In this paper, we used chemical cross-linking and mass spectrometry of T. thermophila ciliary proteins to interrogate their 3D structures within their native contexts and assemblies. These data, in turn, allowed us to evaluate the concordance of AlphaFold2’s predictions of these protein structures. Impressively, 43% of AF2-predicted protein structures show no disagreements with the in situ cross-links, and a large majority (87%) showed three or fewer cross-link violations, demonstrating AF2 predicts biologically relevant protein conformations.

However, our study also highlights the importance of experimental validation. For specific cases, high-confidence structures were predicted that exhibited a number of cross-link violations, 89.9% of which fell outside well-predicted domains or in unstructured segments. Multidomain proteins can exhibit varying arrangements of their rigid body domains, which can pose a significant challenge for AlphaFold. Importantly, we confirm that the PAE scores provide useful guidance for defining these domain boundaries.

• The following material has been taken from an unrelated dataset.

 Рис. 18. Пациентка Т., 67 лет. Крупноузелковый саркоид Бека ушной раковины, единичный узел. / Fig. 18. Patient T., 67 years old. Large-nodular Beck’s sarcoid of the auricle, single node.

Overall, this combination of AF2 and cross-linking data can add confidence to the models, guide their interpretation, and may also serve as a valuable complement to other approaches, such as cryo-electron tomography, for elucidating proteins’ endogenous structures.

Methods

T. thermophila culture

Tetrahymena thermophila SB715 were obtained from the Tetrahymena Stock Center (Cornell University, Ithaca, NY) and maintained in Modified Neff medium obtained from the stock center at room temperature (~21 °C). To prepare cilia, 10 ml cultures were expanded at 30 °C with shaking (100 rpm) directly before cilia isolation.

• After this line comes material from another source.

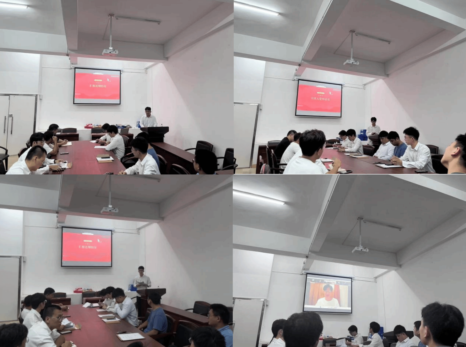 会议共五项议程,由拟接收的4名发展对象依次宣读入党申请书;汇报近期情况:对党的认识、入党动机、本人履历、家庭和主要社会关系情况,以及需向党组织说明的问题;党员针对疑问进行提问以及理论知识、时政提问;各位发展对象的入党介绍人、支部委员会依次发表意见;支部正式党员就发展对象能否入党进行了充分讨论,由正式党员进行无记名投票。

Deciliation of T. thermophila and in situ cross-linking

Tetrahymena were resuspended in Hepes Cilia Wash Buffer (H-CWB) [50 mM HEPES pH 7.4, 3 mM MgS04, 0.1 mM EGTA, 250 mM sucrose, 1 mM DTT, 1× Complete protease cocktail, 1× PhosSTOP cocktail]. Intact cilia were released by dibucaine treatment40, and all subsequent steps were performed at 4 °C. After removing cells and debris, cilia were recovered by centrifugation (17,000 × g, 5 min), and washed once in H-CWB. A cilia pellet of ~10 µl was resuspended in 50 µl H-CWB. Cross-linking was performed by the addition of 5 µl DSSO stock (freshly made 50 mM in anhydrous DMSO) to 5 mM final concentration and incubation for 1 h at room temperature. Cross-linking was quenched by adding 1 M Tris pH 8.0 to 33 mM for 30 min at room temperature.

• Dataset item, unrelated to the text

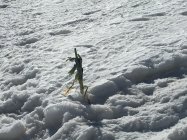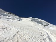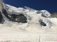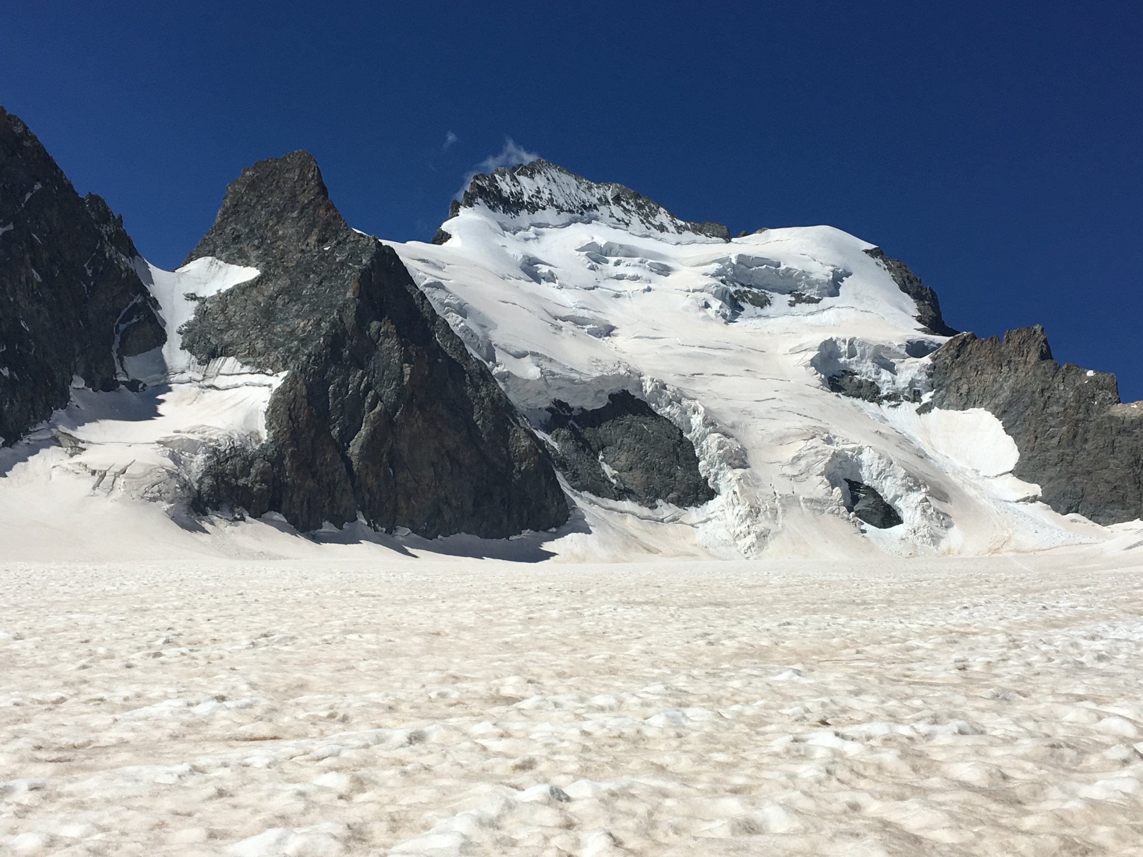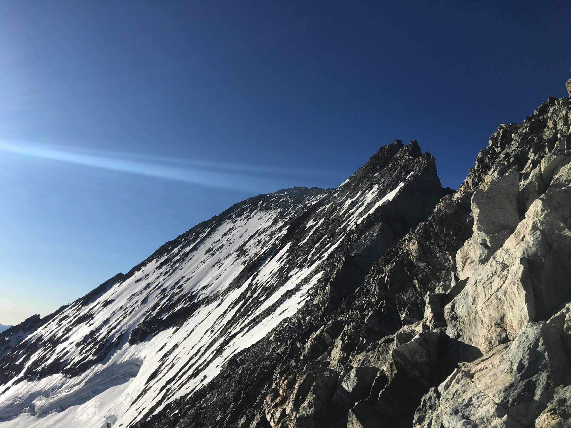 Nach sternklarer Nacht alles pickelhart gefroren. Dank (noch) stabiler (Hart-)Schneeauflage auf guter Spur direkt zwischen den beiden Felsinseln hoch und gegen 3600 m in die Normalroute eingeschnitten. Z.T. erchreckend grosse Spalten, die Brücken sind aber noch stabil. Breche Loiry mit beginnender Ausaperung (bereits wenig Blankeis). Westgrat aper. Wolkenlos, wie gemeldet, in den frühen Morgenstunden ging jedoch ein zügiges Lüftchen.

The cross-linked sample was prepared for mass spectrometry as in49. Specifically, cross-linked cilia were solubilized in 2% SDS at 95 °C, and proteins were precipitated by adding six volumes of acetone, incubated overnight at 4 °C, and precipitated protein was collected by centrifugation at 13,000 × g 4 °C for 15 min. The protein pellet was washed with acetone twice, dried, resuspended in 200 µl 1% sodium deoxycholate/50 mM NH4HC03, and sonicated (2 × 10 min.) in a water bath. Proteins were reduced with 5 mM TCEP at 56 °C for 45 min, alkylated with 25 mM iodoacetamide in the dark for 45 min, quenched with 12 mM DTT, then digested overnight with 2 µg trypsin in 1 ml final volume at 37 °C. Digestion was stopped by the addition of formic acid to 1%, and the deoxycholate precipitate was removed by centrifugation at 16,000 × g for 10 min. The supernatant volume was reduced in a vacuum centrifuge, and peptides were filtered through a 10,000 MWCO Amicon Ultra 0.5 ml device (Millipore) before desalting with a C18 spin tip (Thermo Scientific HyperSep SpinTip P-20 BioBasic # 60109-412) as in ref. 50. To enrich for cross-linked peptides, the desalted peptides were dried and resuspended in 50 µl 30% acetonitrile, 0.1% TFA, and separated on a GE Superdex 30 Increase 3.2/300 size-exclusion column (Cytiva) at 50 µl/minute flow rate using an ÄKTA Pure 25 FPLC chromatography system (Cytiva). 100 µl fractions were collected, dried, and resuspended in 5% acetonitrile, 0.1% formic acid for mass spectrometry.

Mass spectrometry

Mass spectra were collected on a Thermo Orbitrap Fusion Lumos tribrid mass spectrometer as follows: Peptides were separated using reverse phase chromatography on a Dionex Ultimate 3000 RSLCnano UHPLC system (Thermo Scientific) with a C18 trap to Acclaim C18 PepMap RSLC column (Dionex; Thermo Scientific) configuration. An aliquot of the cross-linked peptides prior to SEC enrichment was analyzed using a standard top-speed HCD MS1-MS2 method51 and analyzed using the Proteome Discoverer basic workflow. Proteins identified were exported as a fasta file to serve as the look-up database for cross-link identification in the cross-link-enriched fractions. For identification of DSSO cross-links, spectra were collected as follows: peptides were resolved using a 115 min 3–42% acetonitrile gradient in 0.1% formic acid. The top-speed method collected full precursor ion scans (MS1) in the Orbitrap at 120,000 m/z resolution for peptides of charge 4–8 and with dynamic exclusion of 60 s after selecting once, and a cycle time of 5 s. CID dissociation (25% energy 10 msec) of the cross-linker was followed by MS2 scans collected in the orbitrap at 30,000 m/z resolution for charge states 2–6 using an isolation window of 1.6. Peptide pairs with a targeted mass difference of 31.9721 were selected for HCD (30% energy) and collection of rapid scan rate centroid MS3 spectra in the Ion Trap. Data were analyzed using the XlinkX node of Proteome Discoverer 2.3 and the XlinkX_Cleavable processing and consensus workflows, selecting cross-links with a False Discovery Rate of 1%, and results were exported to xiView52 for visualization.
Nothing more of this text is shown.